◆ **Task description**
The required output holds only the lines from the one containing "Really nice low" through the end of the material below, copied exactly, please, with no pictures.

Source information Start Marker

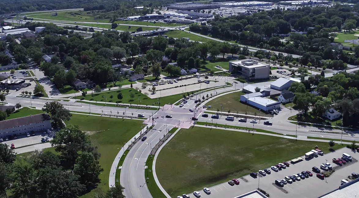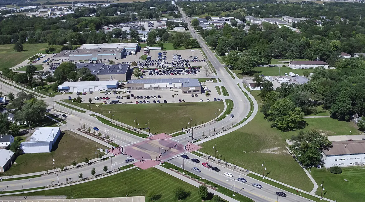 Shive-Hattery conducted a traffic study to determine what was needed now and what would be needed in the future, ensuring that the city didn’t overbuild for its near-term needs. Conceptual drawings that included a town plaza adjacent to City Hall helped facilitate the roadway planning.
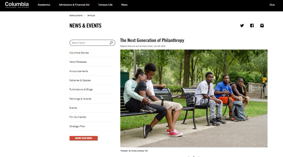 Tonika Johnson partnered with Columbia College’s Development and Alumni Relations, to establish the Tonika Johnson Scholarship for Photography, becoming one of the youngest alumni to create a scholarship for Columbia students. Click the following link to read full article: https://www.colum.edu/news-and-events/articles/2019/the-next-generation-of-philanthropy.html?utm_source=THIS+WEEK+AT+COLUMBIA+NEWSLETTER&utm_campaign=30cb830c15-TWAC_12_04_2018_COPY_01&utm_medium=email&utm_term=0_143d6d778b-30cb830c15-103817845#.XGCVE9JKjIX .
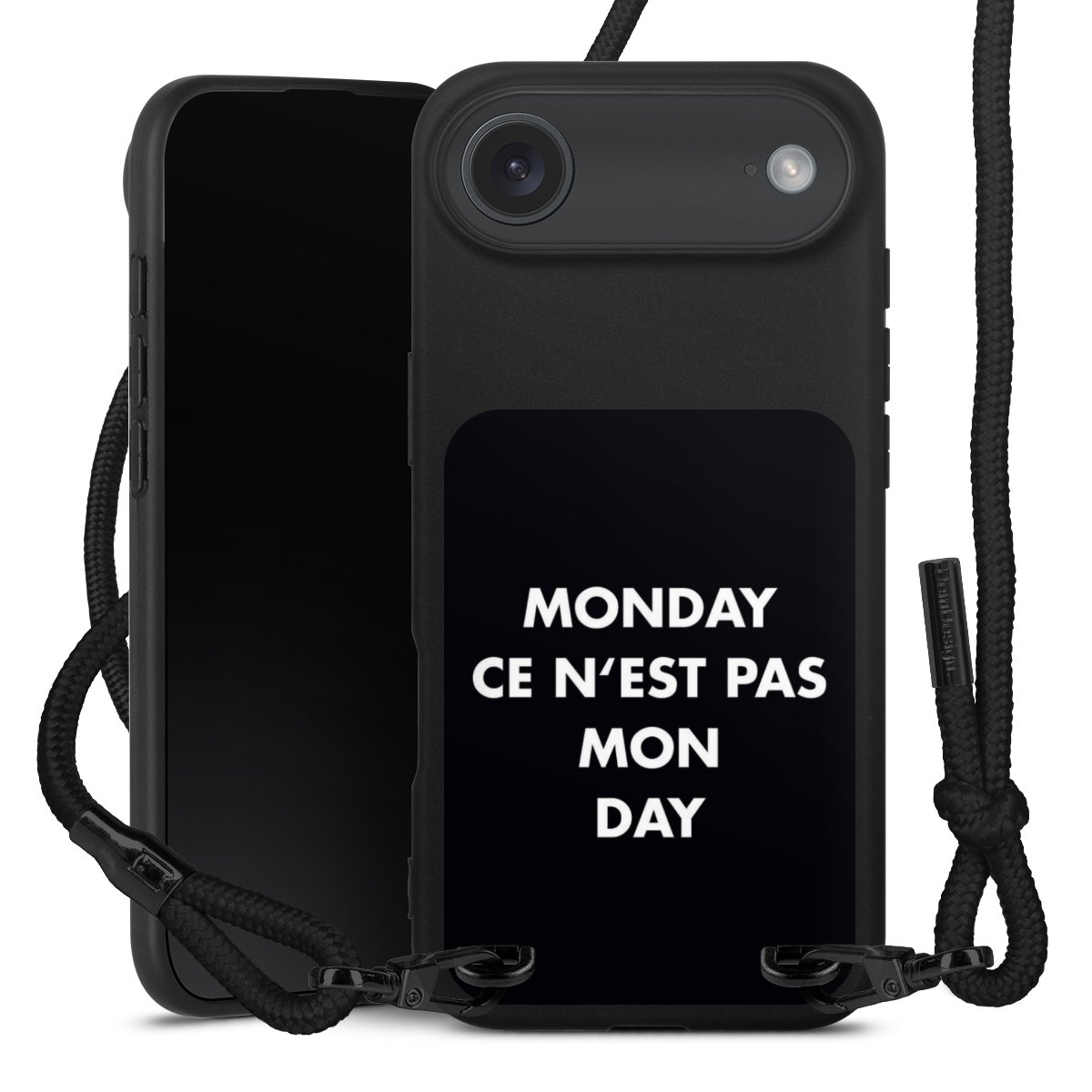 Pure Black: Handyhülle, Stoffband und Metalldetails in stylischem Mattschwarz.
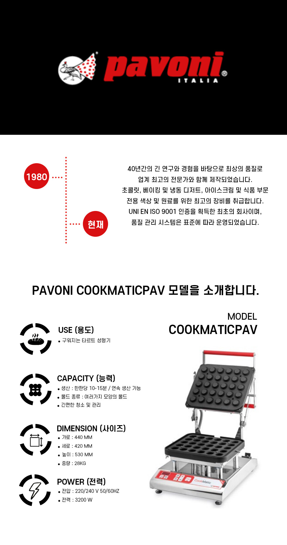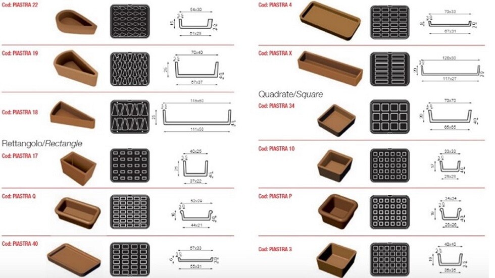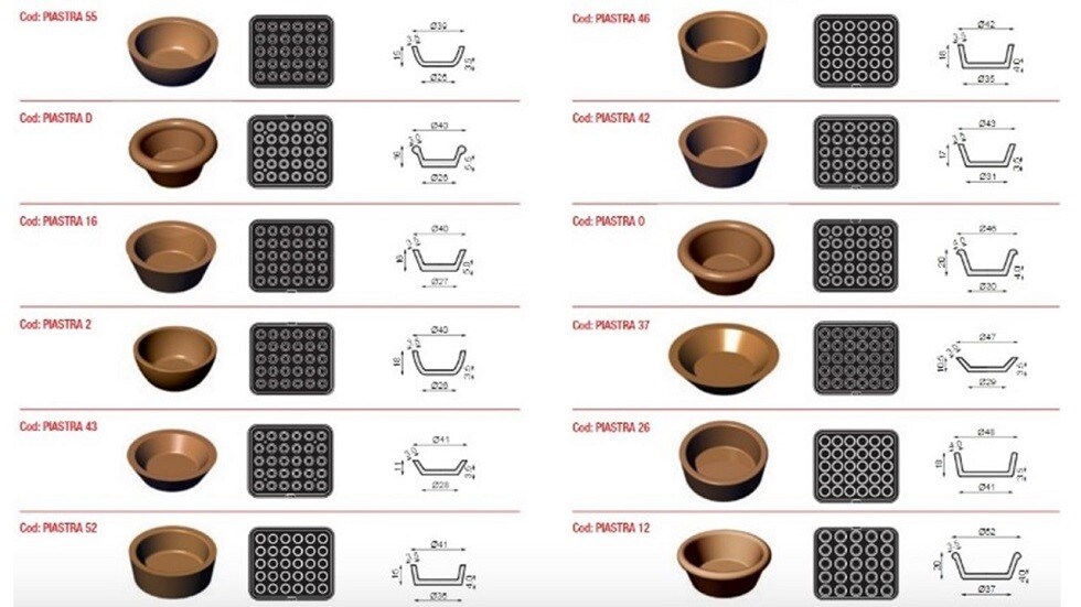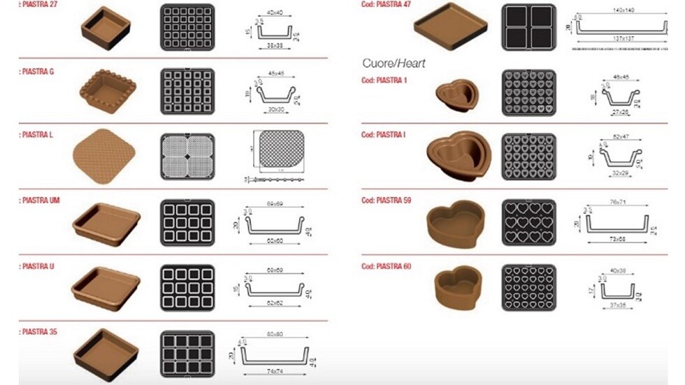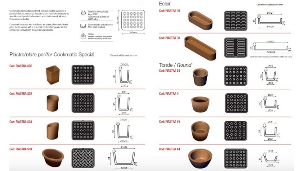 Cookmatic Special을 사용하면 Pavoni Italia가 특허를 받은 높이 조절이 가능한 특수 슬라이딩 메커니즘 덕분에 45mm 높이의 타르트렛을 만들 수 있습니다.
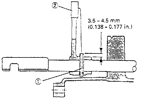 - When pressing spring pin (1) into reverse gear shift fork (2), do not allow to go all the way in, but leave its end protruded as much as the length shown in figure.
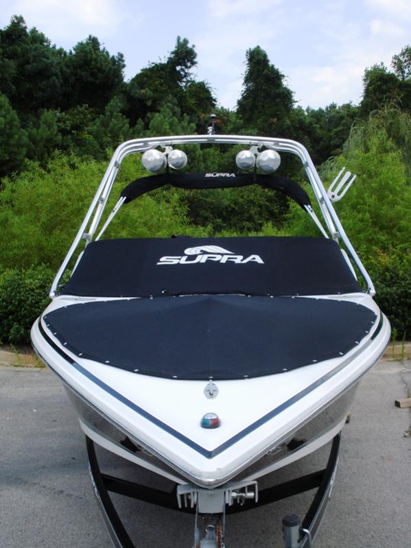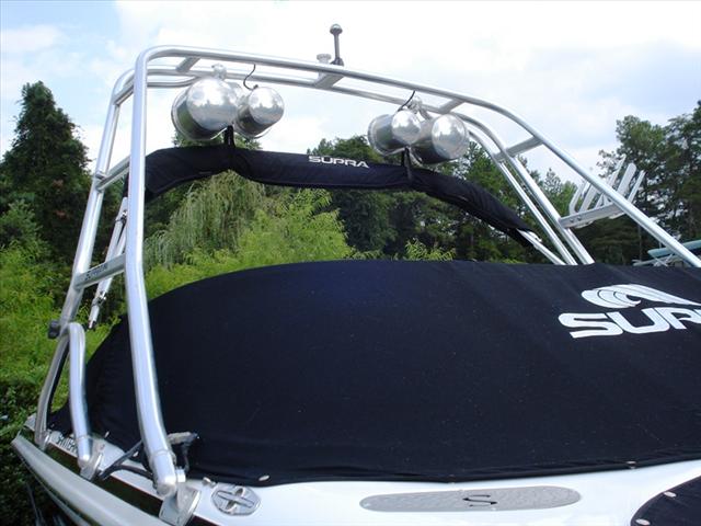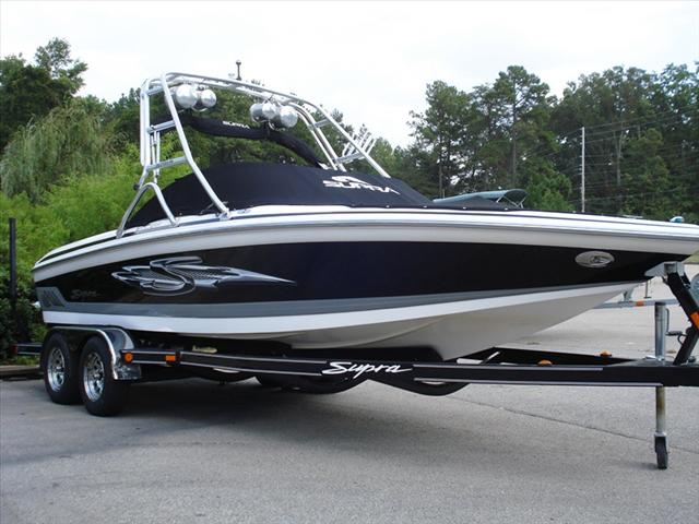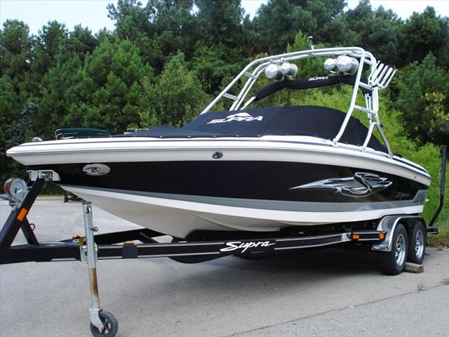 Really nice low hour loaded 23 foot Supra Santera for sale. This boat has nearly everything you could want in an inexpensive wakeboarding boat. It has the tower, tower speakers, amp, bimini top, snap on covers, walk through transom, Perfect Pass speed control, factory trailer and a 5.7 350 V8 with only 350 hours. This is a great all around watersports boat.
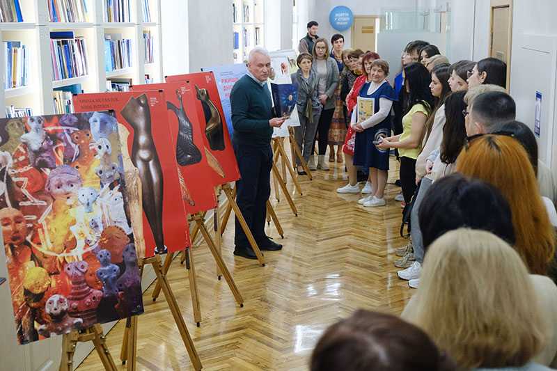 У головному виставковому просторі бібліотеки демонструвалася експозиція творчих проєктів студентів і викладачів кафедри графічного дизайну Факультету дизайну і реклами (куратори – доцентка Оксана Чуєва, доцент Андрій Будник).
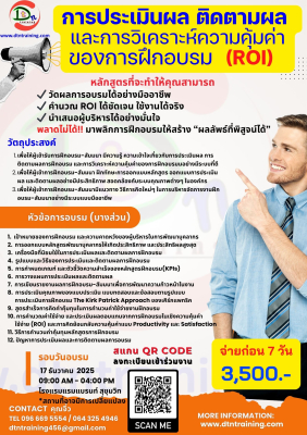 10.   การคำนวณค่าใช้จ่าย และประเมินผลตอบแทนจากการฝึกอบรมในเชิงความคุ้มค่าใช้จ่าย (ROI) และการคิดย้อนกลับความคุ้มค่าแบบProductivity และSatisfaction
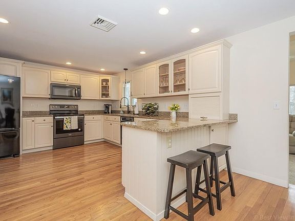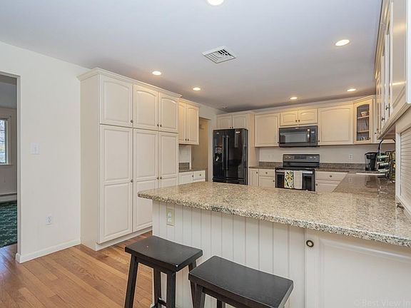 - Kit Dscrp: Flooring - Hardwood, Countertops - Stone/Granite/Solid, Breakfast Bar / Nook, Recessed Lighting

Source information End Marker

◆ **Task answer**
 Really nice low hour loaded 23 foot Supra Santera for sale. This boat has nearly everything you could want in an inexpensive wakeboarding boat. It has the tower, tower speakers, amp, bimini top, snap on covers, walk through transom, Perfect Pass speed control, factory trailer and a 5.7 350 V8 with only 350 hours. This is a great all around watersports boat.
 У головному виставковому просторі бібліотеки демонструвалася експозиція творчих проєктів студентів і викладачів кафедри графічного дизайну Факультету дизайну і реклами (куратори – доцентка Оксана Чуєва, доцент Андрій Будник).
 10.   การคำนวณค่าใช้จ่าย และประเมินผลตอบแทนจากการฝึกอบรมในเชิงความคุ้มค่าใช้จ่าย (ROI) และการคิดย้อนกลับความคุ้มค่าแบบProductivity และSatisfaction
 - Kit Dscrp: Flooring - Hardwood, Countertops - Stone/Granite/Solid, Breakfast Bar / Nook, Recessed Lighting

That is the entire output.